10:00 AM – 11:00 AM – SESSION 5
Crear sistemas más sólidos de prevención secundaria
Puntos destacados de la sesión
In this WHF Heart Café conversation, moderator Raul Santos (São Paulo/Brazil) hosts Clara Chow (University of Sydney), patient advocate Ram Khandelwal (Heart Health Ninja Foundation, India), and Sandra Ofori (McMaster University) to tackle the real-world hurdles of secondary prevention after acute coronary syndromes (ACS) and stroke—from access to essential medicines (statins, antiplatelets, BP-lowering) and continuity of care to cardiac rehabilitation, medication adherence, digital health follow-up (SMS/text), and patient-centred pathways that work in high-, middle- and low-income settings.
Principales conclusiones
Access is multifaceted
“Access” means affordability, availability on the shelf, last-mile distribution, and someone to prescribe—not merely drug approval.
Continuity gaps cost lives
Post-discharge drop-offs (unfilled prescriptions, no follow-up in 2–4 weeks) drive early non-adherence and recurrent events.
Adherence boosters
Start the full secondary prevention bundle in hospital; simplify regimens (e.g., fixed-dose combinations), enroll in cardiac rehab, and use reminder systems.
Primary care as the anchor
Clear discharge summaries, target-based protocols (LDL-C, BP, glucose), e-consults/virtual specialist support, and quality indicators keep care on track.
Patient literacy & language
Replace jargon (“secondary prevention”) with plain language about lifelong coronary disease and why medicines must continue even when asymptomatic.
Digital, done simply
Low-tech SMS/text programs after discharge can improve risk-factor control and behaviors; personalize content without over-complex apps.
Policy levers
Fund medicines in UHC/benefit packages, include them on national EMLs, build registries, standardize pathways, and consider multi-month dispensing.
Systems & cities matter
Invest in walkable urban design, parks, and food policies that make healthy choices feasible after MI or stroke.
Include patient voices
Patient organizations on policy boards and hospital advisory groups improve program design, adherence, and community support.
¿Quién debe verlo?
Cardiologists, internists, GPs, nurses, pharmacists, rehab teams, payers, policymakers, and patient advocates working on post-MI/stroke secondary prevention, cardiac rehabilitation, digital follow-up, essential medicines access, and primary-care CVD pathways.
Prevención secundaria - FAQ
- ¿Cuáles son los mayores obstáculos para una prevención secundaria eficaz?
- Multilayered access issues (cost, stock, distribution, prescriber capacity), continuity gaps after discharge, and low health literacy—especially in under-resourced settings.
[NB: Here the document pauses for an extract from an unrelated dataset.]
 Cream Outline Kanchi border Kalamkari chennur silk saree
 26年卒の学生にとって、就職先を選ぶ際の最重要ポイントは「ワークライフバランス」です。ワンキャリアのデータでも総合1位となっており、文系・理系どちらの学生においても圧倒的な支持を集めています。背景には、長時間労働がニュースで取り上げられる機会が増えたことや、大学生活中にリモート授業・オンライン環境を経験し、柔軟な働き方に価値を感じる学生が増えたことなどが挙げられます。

- ¿Cómo podemos fomentar la adherencia meses y años después de un suceso?
- Initiate the full regimen in hospital, use simplified regimens/fixed-dose combos, enroll in cardiac rehab, provide clear targets, and support with SMS reminders and patient communities.
- ¿Qué papel debe desempeñar la atención primaria?
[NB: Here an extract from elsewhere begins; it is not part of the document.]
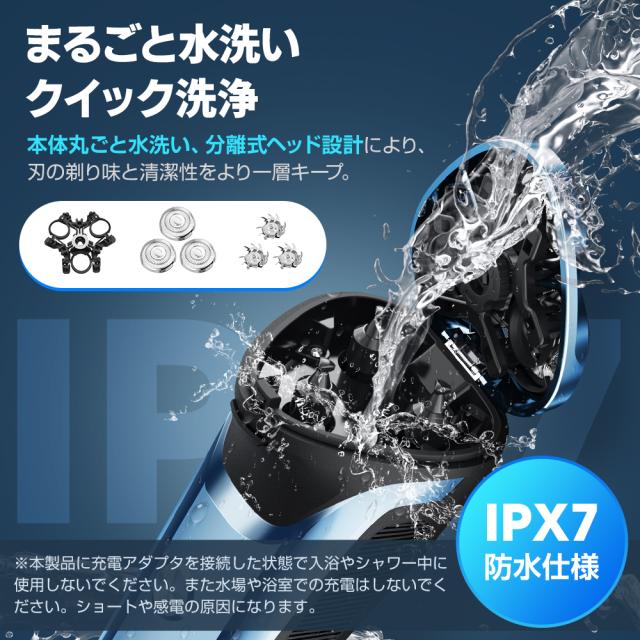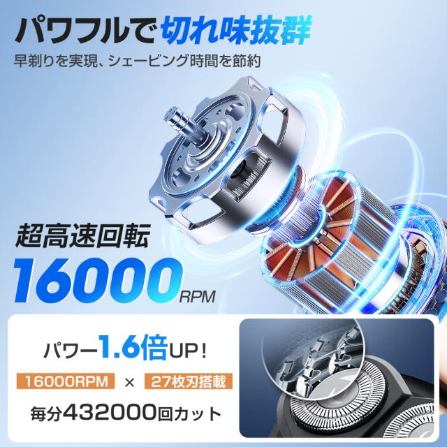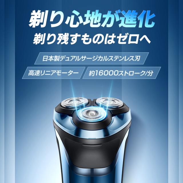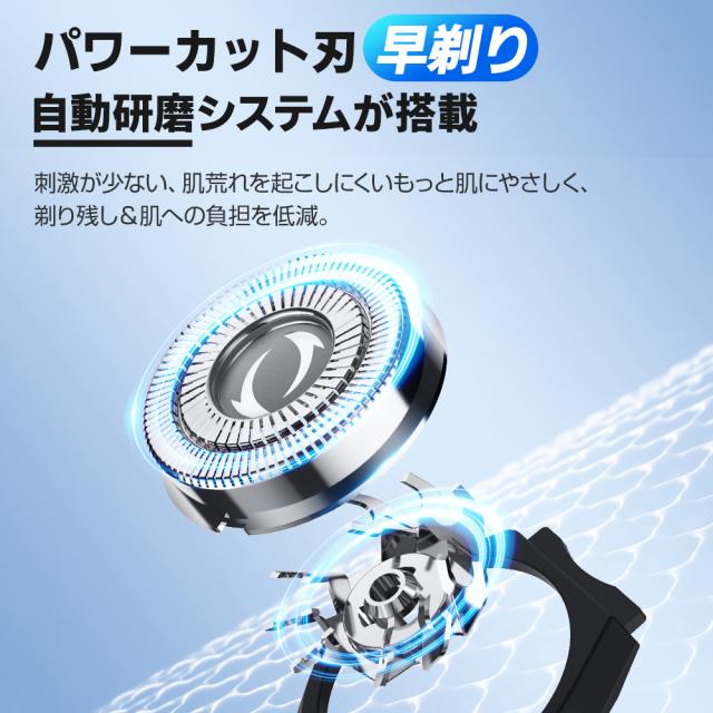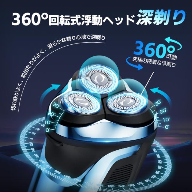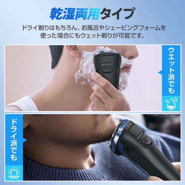 この 電動シェーバー は「剃り心地」を追求。27枚刃&360°回転ヘッドにより深剃り、早剃りが実現。回転刃は、あらゆる角度からヒゲをカット。高速回転で毎秒2,200本以上のヒゲを剃り落とし、剃り残しを軽減。自動研磨式の27枚刃と3つのブレードが立体的に肌を包み込み、滑らかな剃り心地へ。どのような髭状態でも、 メンズシェーバー で美しく剃る。 回転 電動シェーバー は髭をしっかりキャッチ、根元から剃り、柔らかい髭からカールした髭まで、「乾湿両用」で一度にケア。シャワー後の肌にも優しく密着し、剃り残しの心配はありません。「深剃り」を目指す方には、最適な 男性用 電気シェーバー です。

- Primary care should anchor long-term care with standardized protocols, measurable quality indicators, and virtual cardiology back-up for complex cases.
- ¿Cómo ayudan las herramientas digitales tras el alta?
- Scalable text-message programs provide bite-sized education and prompts that improve risk-factor control; prioritize personalization and simplicity over app complexity.